ROSYTH could be served up with a new tennis facility as part of plans to create more than 100 indoor courts across Britain.

The Press can reveal exclusively that, under ambitious proposals revealed by the Lawn Tennis Association (LTA) yesterday (Wednesday), they want to provide courts in areas that will “meet a demand threshold of potential players”.

A total of 96 “target areas” – 12 of which are in Scotland – have been identified and prioritised “according to the number of potential players in each area, with demographic profiles of the population for each target community used to ensure new facilities are developed in a way that also helps to broaden the participation base of the game”.

Although no detail on a specific site has yet been revealed, the LTA has earmarked the tow n as having indoor courts created over the next 10 years.

In a statement outlining the plans on the LTA’s website, the governing body’s chief executive, Scott Lloyd, said: “More indoor facilities across England, Scotland and Wales are absolutely crucial to our ambition to open up tennis to many more people.

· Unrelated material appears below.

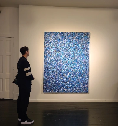 갤러리 초입 부분을 지나서 가장 먼저 보이는 작품은 바로 <Undercurrent 171001>입니다. 멀리서 보면 파란색 물감으로 그린 추상회화 같지만, 종이를 접어서 만들어낸 작품이죠. 접힌 종이들을 보면서 응축된 느낌을 받았는데요. 시끄러운 정보들의 소음들을 종이로 침묵시킨 듯 보였습니다. 그리고 수많은 종이 파편들이 캔버스 위에서 푸른색의 강력한 패턴으로 재조합되는 것을 볼 수 있는데요. 제 눈에는 화살표 패턴처럼 보였습니다. 역동성 있게 반복되는 패턴과 화살표의 엣지있는 모습이 작가의 의도와는 달리 미니멀리즘처럼 보이기도 했어요.

“We are already making progress with several new indoor tennis centres currently going through the planning process in Scotland, and I am looking forward to us working with local authorities and partners in all of our target locations across the whole of Britain.”

One possible location for such a development could be at the Fleet Grounds, which is operated by the South West Fife Community Sports Partnership.

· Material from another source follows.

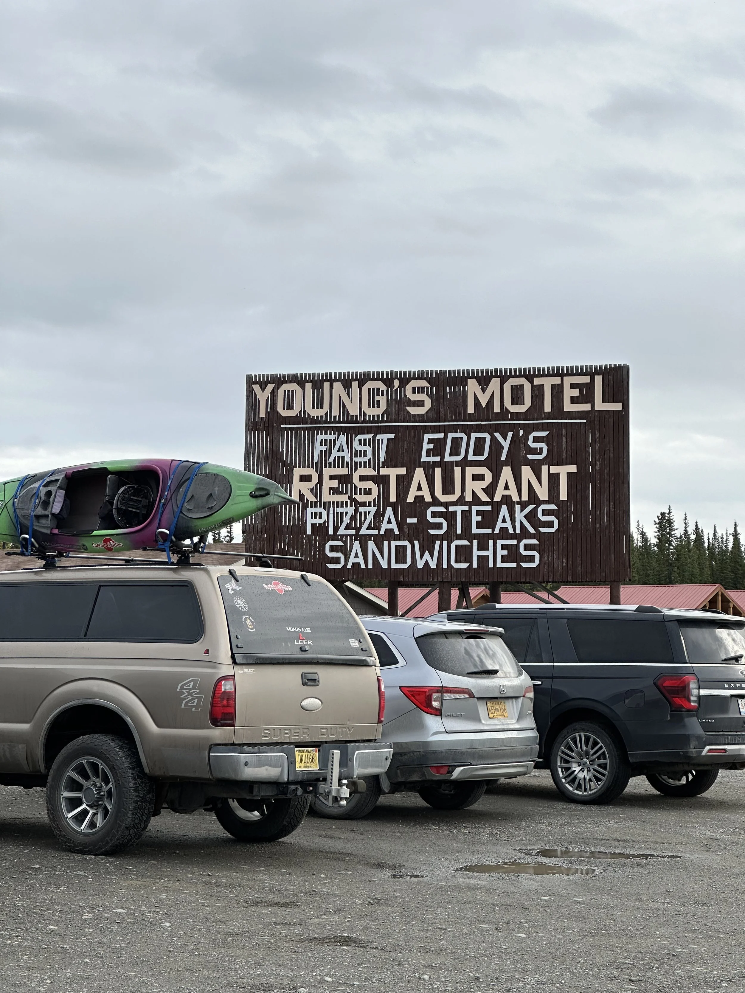 Today I went west to Tok then North on the Taylor Highway aka The Top of the World road. It closes September 15th for the winter. I hadn’t had breakfast. Last night’s hope of a Milky Way or the Aurora was snuffed out with rain the started the moment I zipped up my sleeping bag and stopped an hour before dawn. How perfect is that? Nothing worse than rain when making or breaking camp. I was hungry. Like big breakfast hungry. Hungry enough to forego another bowl of mush. Hungry enough to drive 100kms for a bacon and egg with hotcakes breakfast. With dodging potholes that could eat the Bronze Babe, the drive took nearly two hours. Fast Eddy’s diner looked like the place to go. I had a coffee that tasted like they had brewed all the cig butts from the bar. But the breakfast was wonderful.

In 2014, Fife Council agreed a £133,000 deal with the Ministry of Defence for the facilities, including a pavilion, playing fields and artificial hockey pitch, with a view to leasing the land back to the partnership to develop it into a sports hub.

A state-of-the-art all-weather surface was installed three years later at the Wilson Way site in the first part of a proposed three-phase development, which suggested the possibility of creating an indoor facility that would introduce other sports to the hub – including tennis.

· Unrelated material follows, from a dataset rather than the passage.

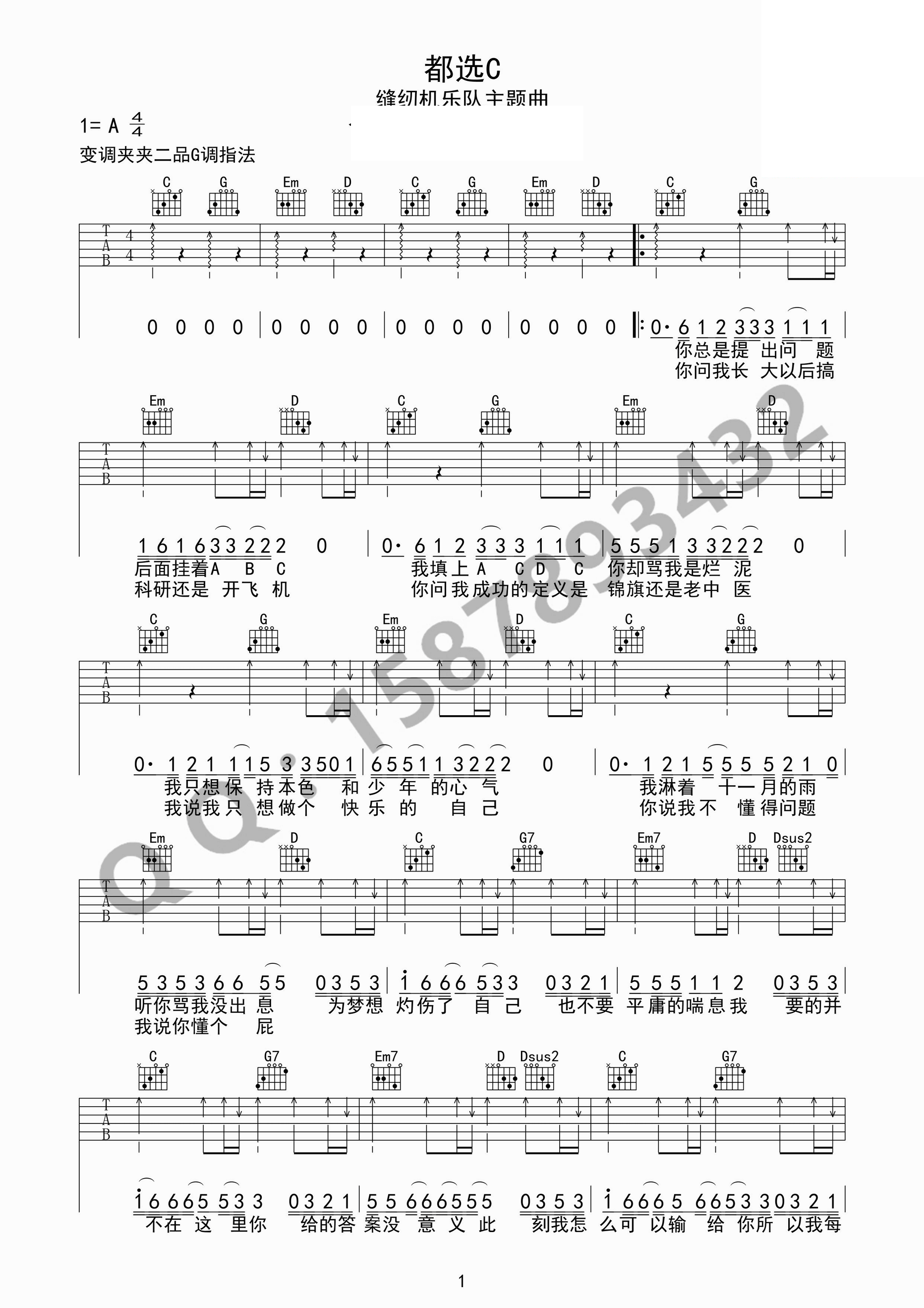 都选c吉他谱_g调弹唱谱_缝纫机乐队_六线谱

Danny Hughes, chair of Rosyth Community Council, said: “This is the very first I’ve heard of this but more facilities for the town has to be good news.”

In April, Judy Murray – an ex-Dunfermline Tennis Club player – urged the LTA and Scottish Government to call for action to be taken on providing a lasting legacy for when her sons, Andy and Jamie, retire.

But, almost 10 years after the town had been shortlisted as a potential home for a Judy Murray Tennis Centre, Fife Council ruled out the possibility of developing indoor facilities in Dunfermline, commenting that a new facility at St Andrews University had “enhanced” the provision.